Now it indeed seems like it takes longer to resolve service requests during the winter (at least between 2004 and 2006).

To summarize, in the applications above, a function was created to allow for easy and flexible completion of a task. Not creating a function for these tasks would work, though it would also result in more verbose code (e.g., copying and pasting, changing only some aspects of the code). Functions minimize potential mistakes that may result from such manual iteration of code. They are also useful for carrying out a range of analyses and graphing the results, as the last application makes clear.

Exercises

Write a function called second_largest that finds the second largest value in a vector of numeric values. That is, the input should be a numeric vector and the output should be the second largest value in the vector. You can assume that the input vector has at least two values.
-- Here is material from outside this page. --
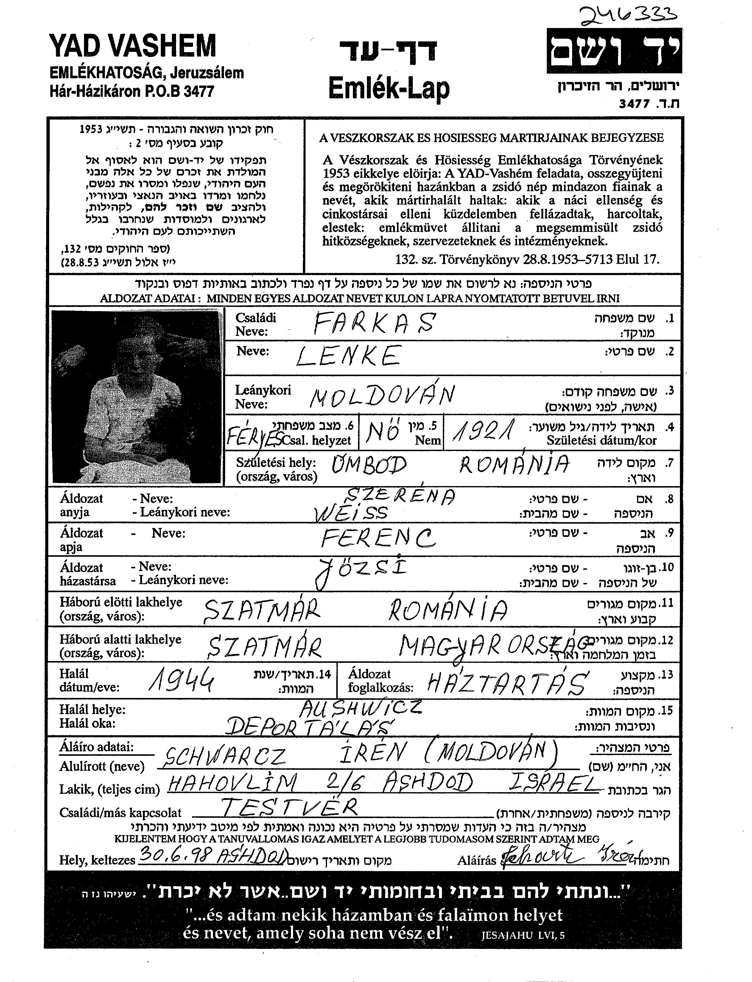 Lenke Farkas, geb. Moldovan wurde im Jahr 1921 in Ambud, Rumänien geboren. Vor dem Zweiten Weltkrieg lebte sie in Satu Mare, Rumänien.

Test your function on the following two vectors:

v1 <- 1:10
v2 <- c(15, 1000, 2, 3, 8)

Modify the second_largest function so that it accounts for two special cases: (1) when the user inputs a numeric vector with only one value, the function should return the message “Invalid input: at least two values required”; (2) when the user inputs a vector that is not numeric, the function should return the message “Invalid input: only numeric vectors accepted”. Test your new function on the following vectors:

v1 <- 1:10
v2 <- 2
v3 <- c("banana", "apple", "orange")
v4 <- as.factor(1:10)

Using the nyc_all data frame created above (it should have 60,000 observations and have observations from 2004 to 2009), write a function called no_obs that finds the number of observations for a given complaint type in a given year. The function should have three parameters: dta (the data frame of interest), type (the complaint type category as a string), and year (the year the request was opened). The output of the function should be a data frame with one row with the name of the complaint type, the year, and a value with the number of observations. The function should be indifferent to whether the complaint type is in upper or lower case or capitalized (e.g., “HEATING”, “Heating”, and “heating” should be counted as one complaint type). You can assume the input data frame (dta) always has a variable called Complaint.Type. Test your function by ensuring that the results for the complaint types “Sewer”, “sewer”, and “heating” for various years look as follows:

no_obs(dta = nyc_all, type = "Sewer", year = 2004)

##   complaint.type year   n
## 1          sewer 2004 642

no_obs(dta = nyc_all, type = "sewer", year = 2004)

##   complaint.type year   n
## 1          sewer 2004 642

no_obs(dta = nyc_all, type = "heating", year = 2004)

##   complaint.type year    n
## 1        heating 2004 1187

no_obs(dta = nyc_all, type = "heating", year = 2009)

##   complaint.type year    n
## 1        heating 2009 1356